## Work instruction
Every line from the one with "- Dedicated one" up to and including the one with "主题党课:扎实开展纪检监察干" is to be output exactly as it appears below; pictures are not.

## Entries shown
☆ ☆ ☆ ☆ ☆

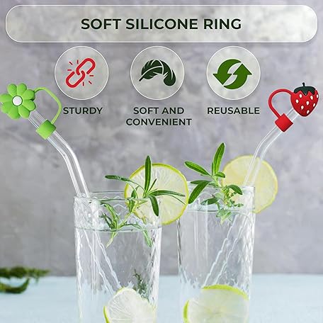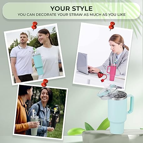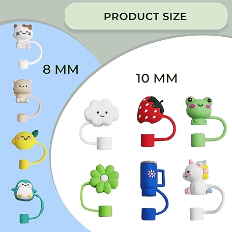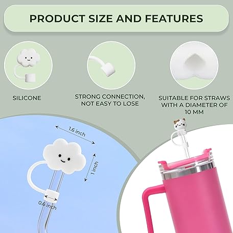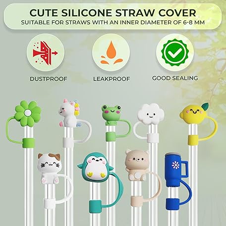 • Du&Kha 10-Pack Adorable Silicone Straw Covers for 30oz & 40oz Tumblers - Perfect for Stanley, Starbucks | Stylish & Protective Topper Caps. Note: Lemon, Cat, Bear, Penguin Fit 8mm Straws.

☆ ☆ ☆ ☆ ☆

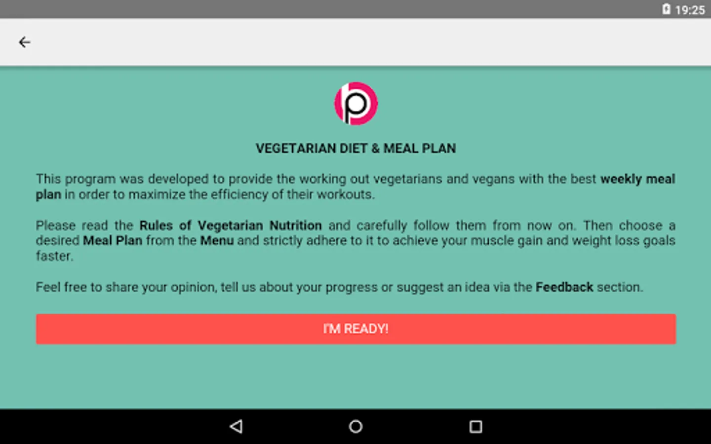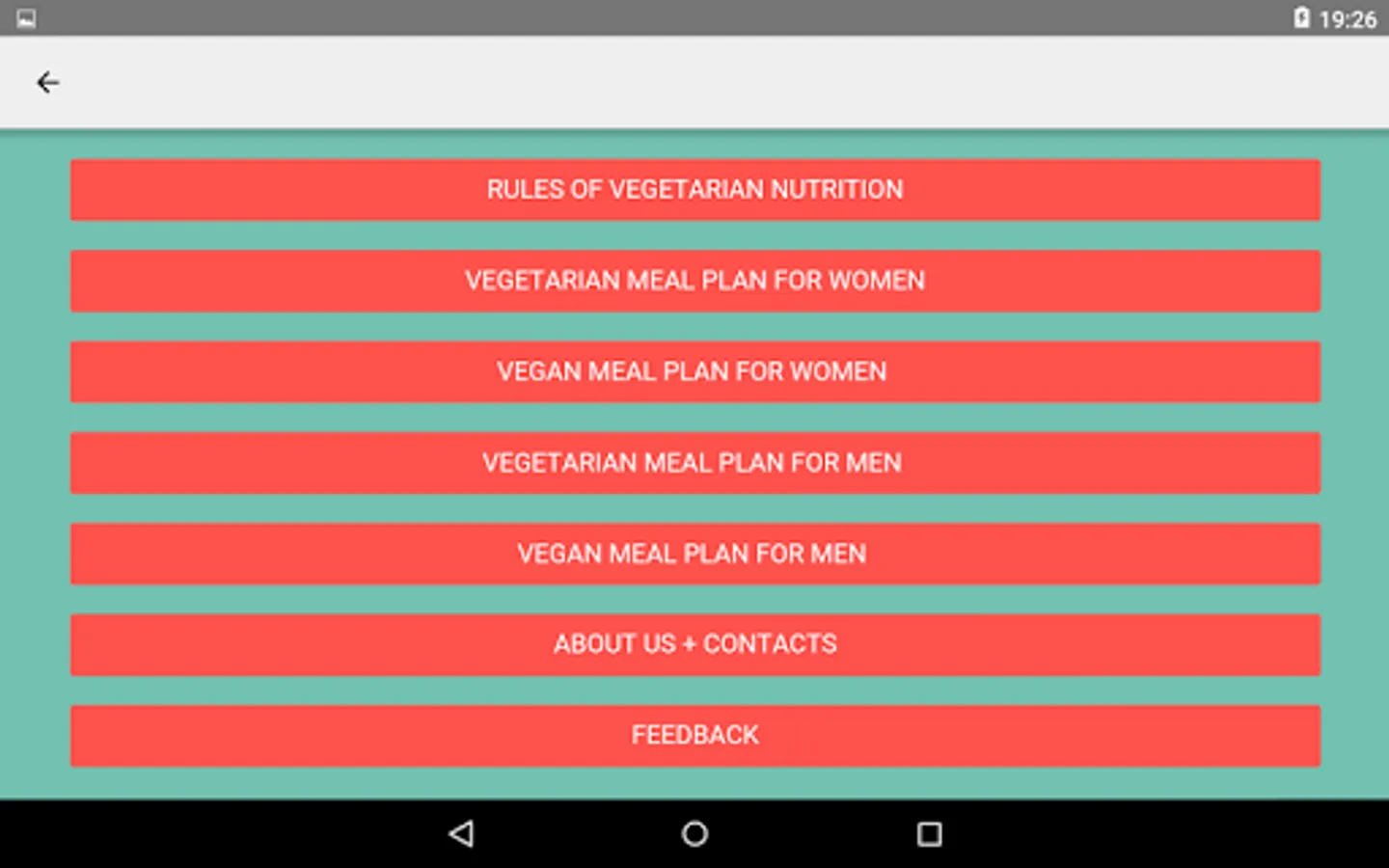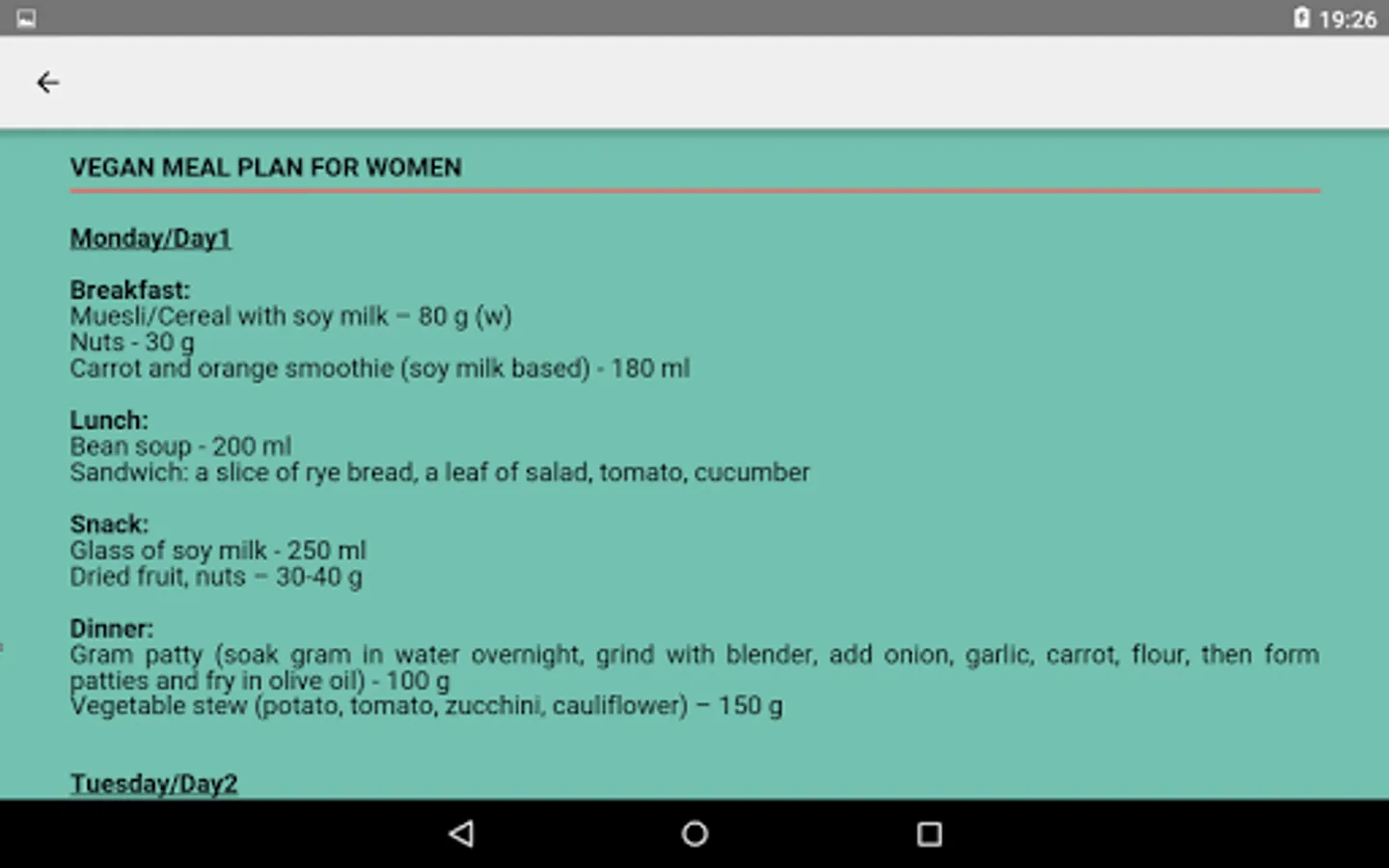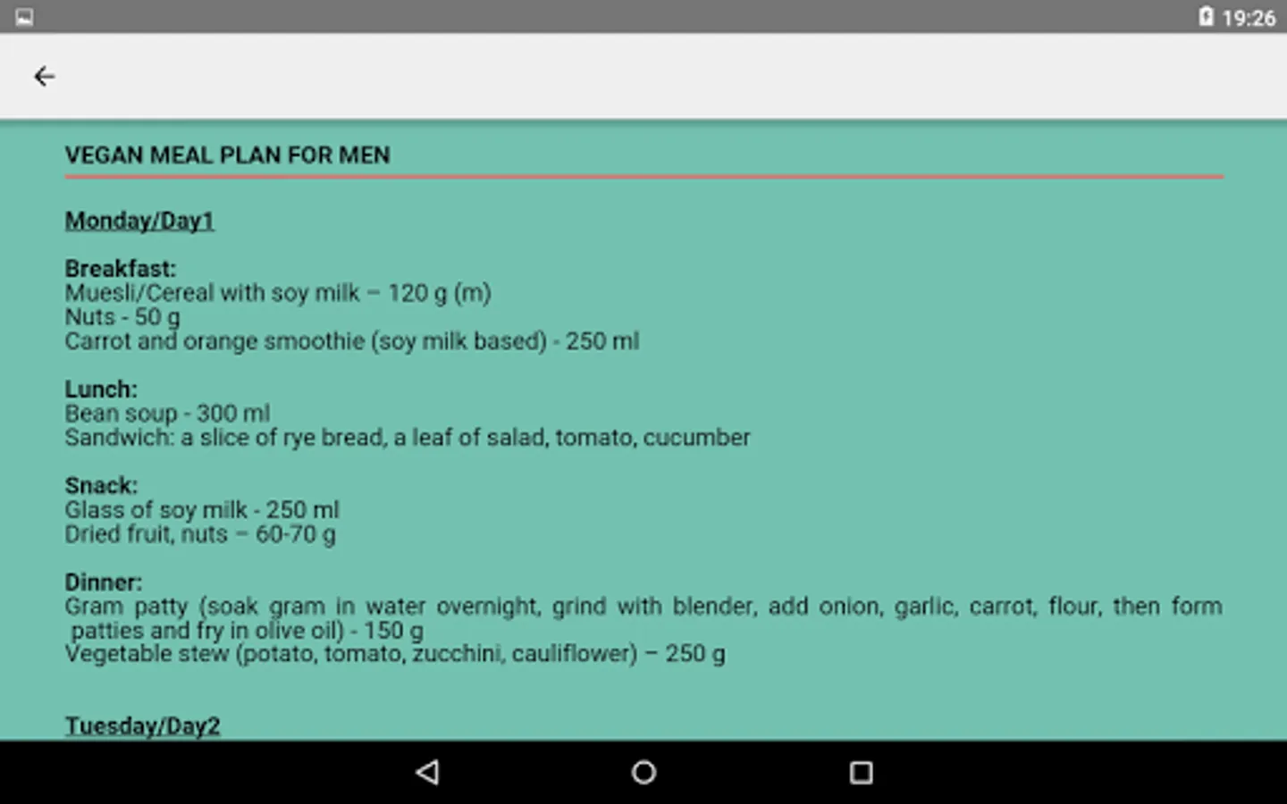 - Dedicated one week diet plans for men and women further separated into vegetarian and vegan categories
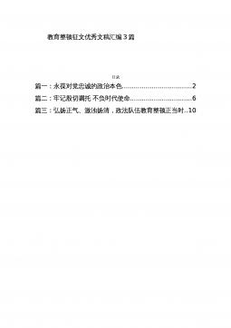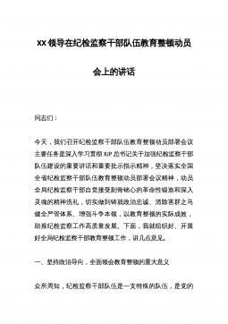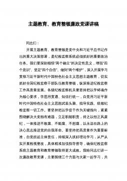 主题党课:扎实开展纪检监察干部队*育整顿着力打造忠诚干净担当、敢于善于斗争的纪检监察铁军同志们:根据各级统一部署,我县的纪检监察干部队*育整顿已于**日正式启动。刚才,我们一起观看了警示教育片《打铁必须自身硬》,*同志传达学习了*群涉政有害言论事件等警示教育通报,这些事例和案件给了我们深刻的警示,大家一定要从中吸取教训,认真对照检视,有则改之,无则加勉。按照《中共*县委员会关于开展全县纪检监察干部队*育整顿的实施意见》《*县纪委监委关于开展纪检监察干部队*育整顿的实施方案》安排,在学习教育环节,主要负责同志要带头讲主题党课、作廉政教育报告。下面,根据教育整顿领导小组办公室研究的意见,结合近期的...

☆ ☆ ☆ ☆ ☆

## Worked solution
 - Dedicated one week diet plans for men and women further separated into vegetarian and vegan categories
 主题党课:扎实开展纪检监察干部队*育整顿着力打造忠诚干净担当、敢于善于斗争的纪检监察铁军同志们:根据各级统一部署,我县的纪检监察干部队*育整顿已于**日正式启动。刚才,我们一起观看了警示教育片《打铁必须自身硬》,*同志传达学习了*群涉政有害言论事件等警示教育通报,这些事例和案件给了我们深刻的警示,大家一定要从中吸取教训,认真对照检视,有则改之,无则加勉。按照《中共*县委员会关于开展全县纪检监察干部队*育整顿的实施意见》《*县纪委监委关于开展纪检监察干部队*育整顿的实施方案》安排,在学习教育环节,主要负责同志要带头讲主题党课、作廉政教育报告。下面,根据教育整顿领导小组办公室研究的意见,结合近期的...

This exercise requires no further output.